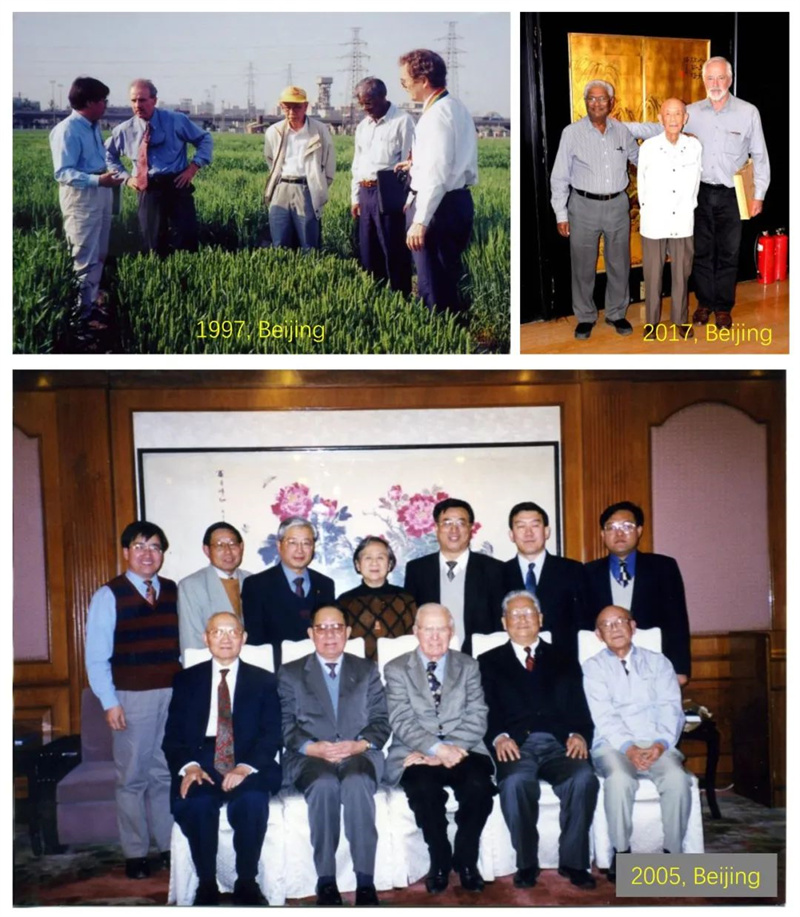 圖5 莊巧生先生主持和參與中國(guó)-CIMMYT的合作。上圖:莊先生接待來(lái)訪的CIMMYT主任和其他客人。下圖:莊先生(前排右一)與布勞格博士(前排中)等人在北京。照片由何中虎博士(現(xiàn)任CIMMYT-中國(guó)辦事處主任;后排左一)提供
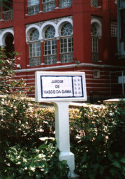 | バスコダガマ・ガーデンの表示 マカオの通りや名所の表示はこの白とブルーのタイルに統一されている。 |
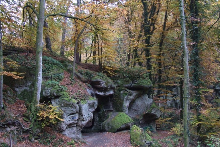 It continues on the Mullerthal Trail through the enchanting rock landscape to the "Huel Lee", a man-made cave. An information board provides details about its formation.
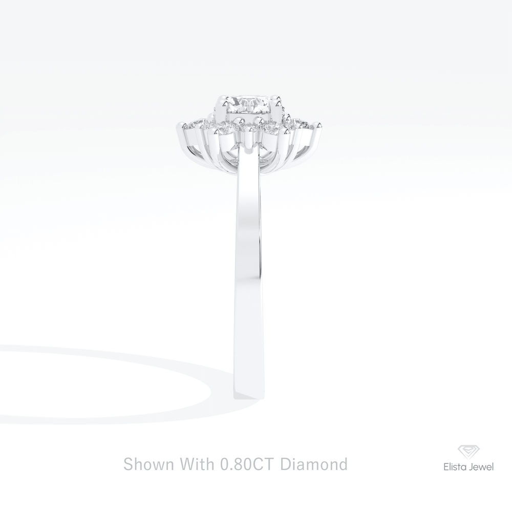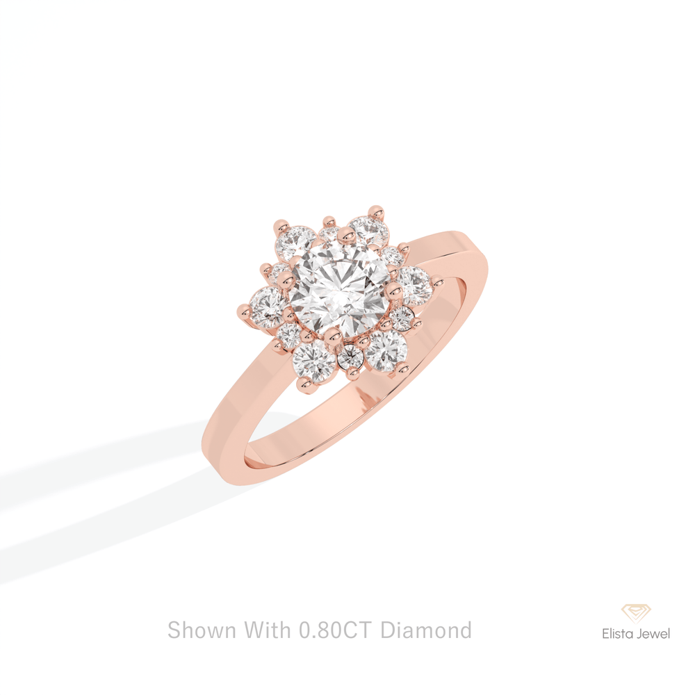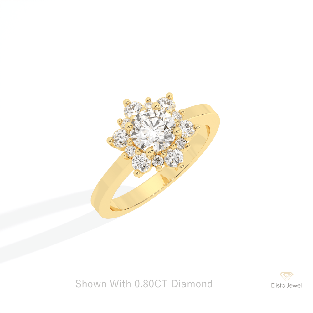 Round Cut Floral Halo Engagement Ring
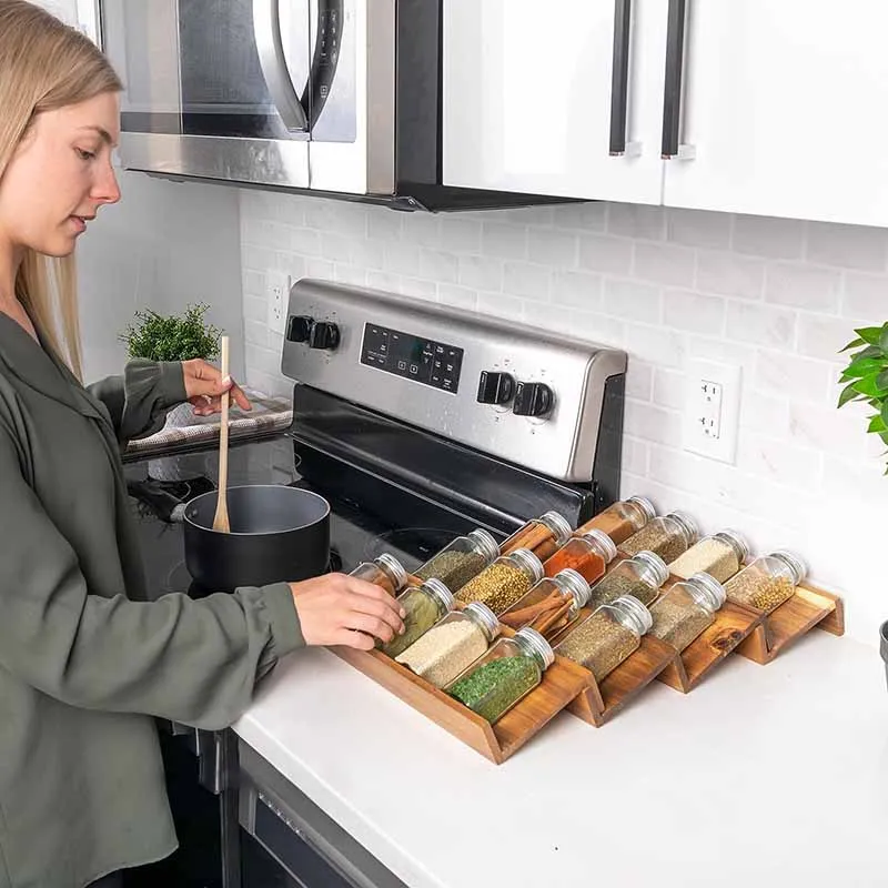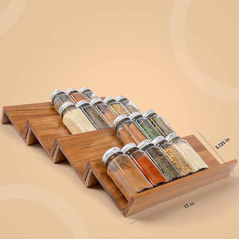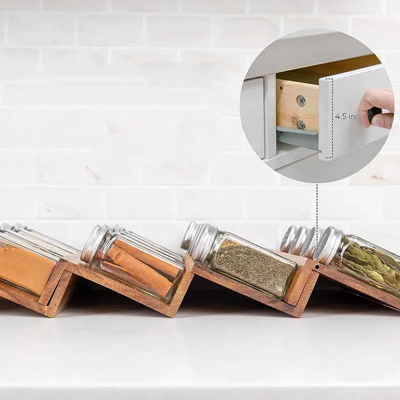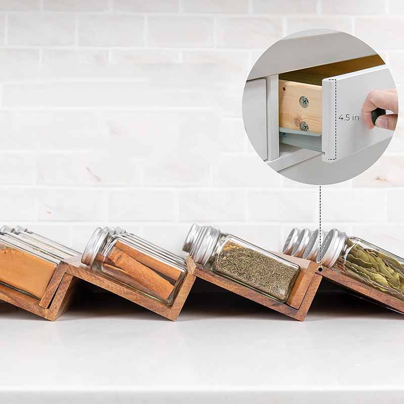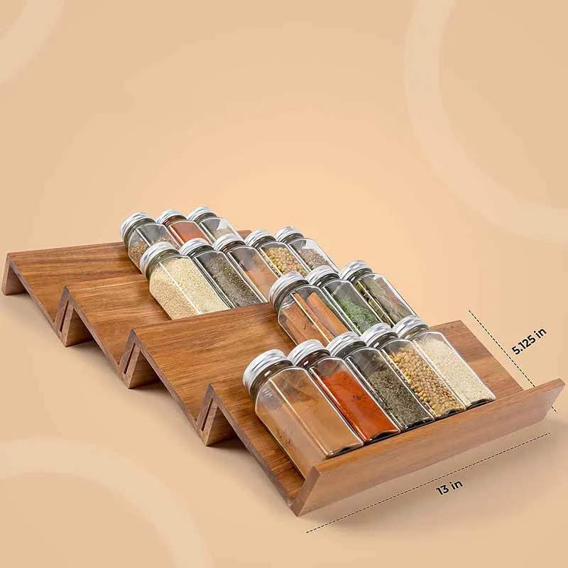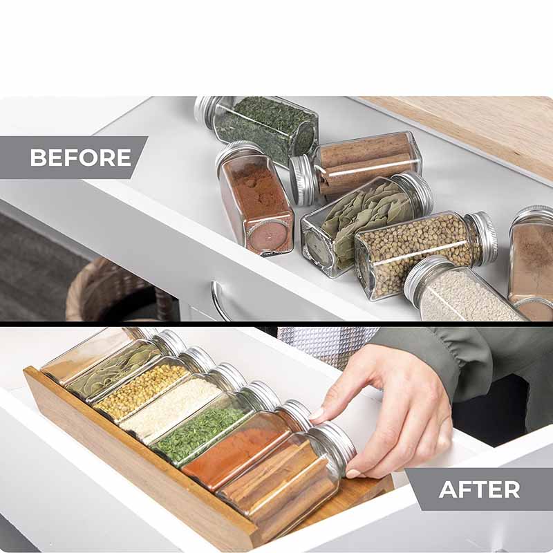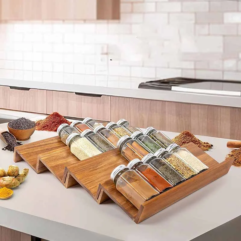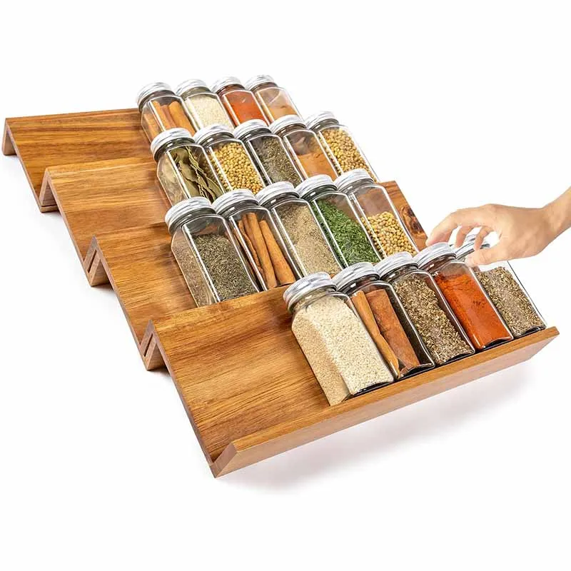 Modern Acacia Wood Spice Drawer Organizer Wooden Rack Storage for Cabinet Drawers Save Space Insert Spice Rack Organizer
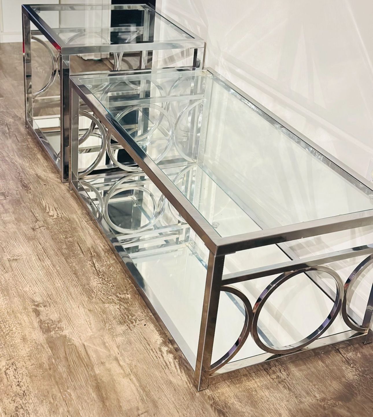 3 pieces of coffee tables, one coffee table with two side tables. I bought them a month ago, so I'm selling them because I'm moving. They are in perfect condition, like new ones, with no scratches or marks.
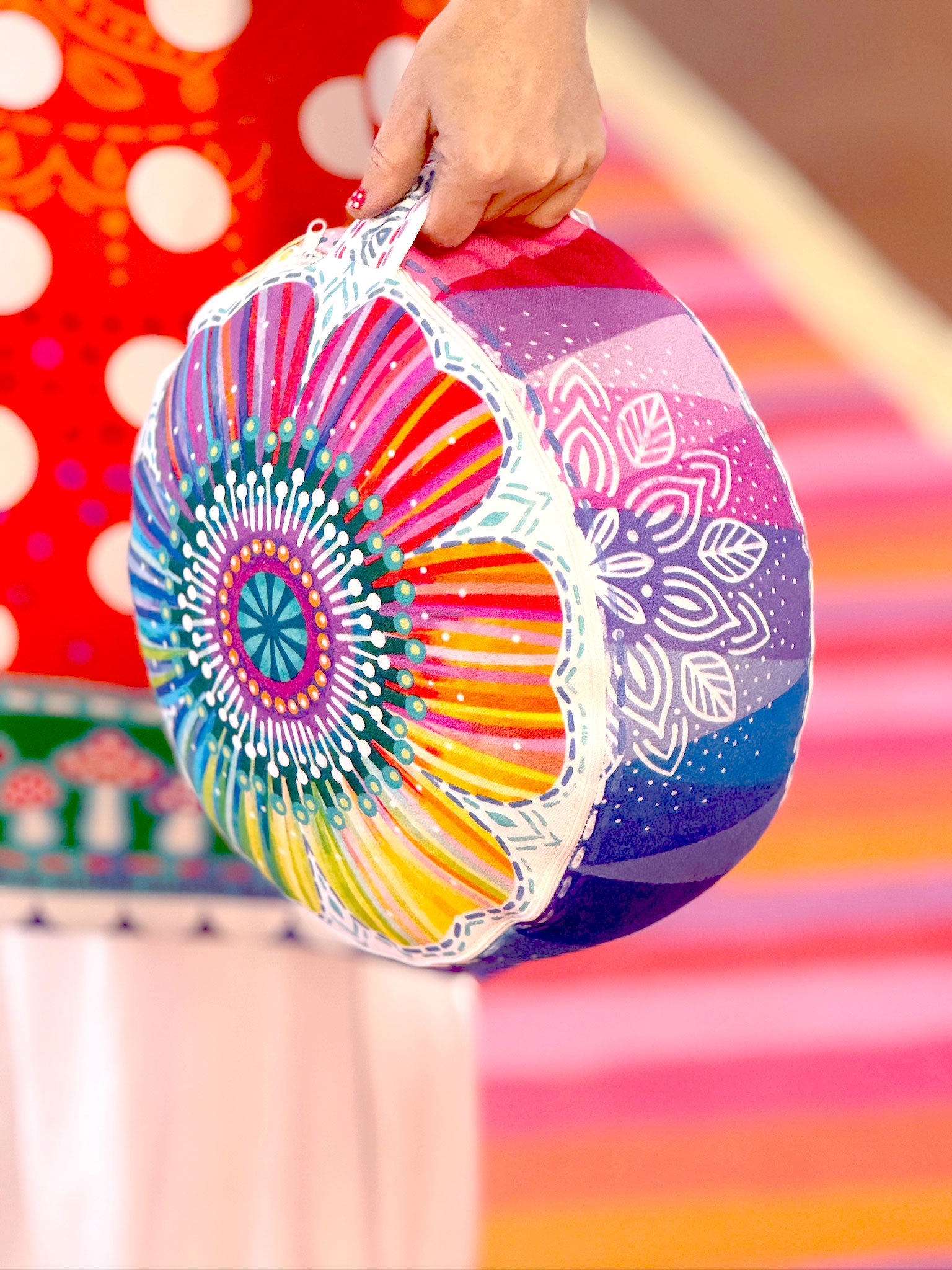 Das einmalige Mandalamotiv mit 15 cm hohen Bordürenrand ist die wunderschöne Grundlage für wertvolle Achtsamkeitsübungen. Vielseitig als Yoga- und Meditationskissen oder als dekoratives Bodensitzkissen verwendbar.

___

● Exercise description: Only the lines from the first line of the data above through the line with "Modern Acacia Wood" should appear in the answer, retyped exactly, with every picture left out.

● Finished exercise:
 圖5 莊巧生先生主持和參與中國(guó)-CIMMYT的合作。上圖:莊先生接待來(lái)訪的CIMMYT主任和其他客人。下圖:莊先生(前排右一)與布勞格博士(前排中)等人在北京。照片由何中虎博士(現(xiàn)任CIMMYT-中國(guó)辦事處主任;后排左一)提供
 | バスコダガマ・ガーデンの表示 マカオの通りや名所の表示はこの白とブルーのタイルに統一されている。 |
 It continues on the Mullerthal Trail through the enchanting rock landscape to the "Huel Lee", a man-made cave. An information board provides details about its formation.
 Round Cut Floral Halo Engagement Ring
 Modern Acacia Wood Spice Drawer Organizer Wooden Rack Storage for Cabinet Drawers Save Space Insert Spice Rack Organizer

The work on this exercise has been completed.